You can use the /CvtArea option to improve performance on the volume so that space for the master file table (MFT) is reserved. This option helps to prevent fragmentation of the MFT. How? Over time, the MFT might grow larger than the space allocated to it. The operating system must then expand the MFT into other areas of the disk. Although the Disk Defragmenter utility can defragment the MFT, it cannot move the first section of the MFT, and it is very unlikely that there will be space after the MFT because this will be filled by file data.
To help prevent fragmentation in some cases, you might want to reserve more space than the default (12.5 percent of the partition or volume size). For example, you might want to increase the MFT size if the volume will have many small or average-size files rather than a few large files.
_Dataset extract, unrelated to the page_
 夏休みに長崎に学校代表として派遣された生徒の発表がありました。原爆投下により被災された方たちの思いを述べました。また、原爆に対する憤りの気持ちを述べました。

To specify the amount of space to reserve, you can use FSUtil to create a placeholder file equal in size to that of the MFT you want to create. You can then convert the volume to NTFS and specify the name of the placeholder file to use with the /CvtArea option.
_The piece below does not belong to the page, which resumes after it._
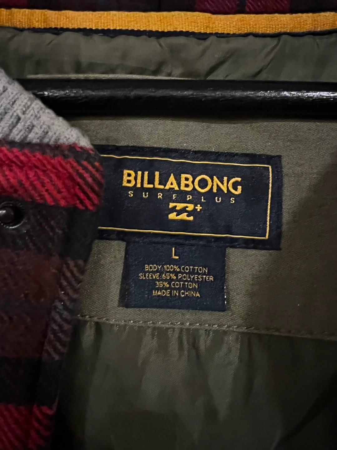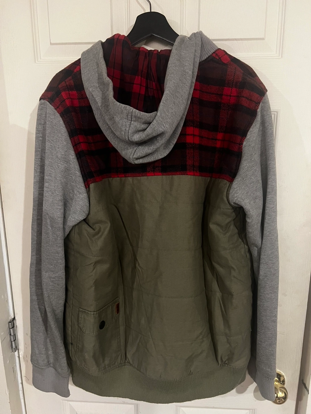 Men's size large Billabong Surf Plus jacket. Olive green and red plaid. Hooded. Button front. Grey sleeves. Two front pockets.

In the following example, you use FSUtil to create a 1.5-GB (1,500,000,000 bytes) placeholder file named Temp.txt:
fsutil file createnew c:\temp.txt 1500000000
To use this placeholder file for the MFT when converting drive C to NTFS, you would then type the following command:
convert c: /fs:ntfs /cvtarea:temp.txt
Notice that the placeholder file is created on the partition or volume that is being converted. During the conversion process, the file is overwritten with NTFS metadata and any unused space in the file is reserved for future use by the MFT.
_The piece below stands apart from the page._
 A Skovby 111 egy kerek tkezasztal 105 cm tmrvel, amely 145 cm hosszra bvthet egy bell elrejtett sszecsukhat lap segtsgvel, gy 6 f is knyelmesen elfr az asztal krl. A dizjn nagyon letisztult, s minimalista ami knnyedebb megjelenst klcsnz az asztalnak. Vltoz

Resizing Partitions and Volumes
Windows Server 2008 R2 doesn’t user Ntldr and Boot.ini to load the operating system. Instead, Windows Server 2008 R2 has a preboot environment in which Windows Boot Manager is used to control startup and load the boot application you’ve selected. Windows Boot Manager also finally frees the Windows operating system from its reliance on MS-DOS so that you can use drives in new ways. With Windows Server 2008 R2, you can extend and shrink both basic and dynamic disks. You can use either Disk Management or DiskPart to extend and shrink volumes. You cannot shrink or extend striped, mirrored, or striped-with-parity volumes.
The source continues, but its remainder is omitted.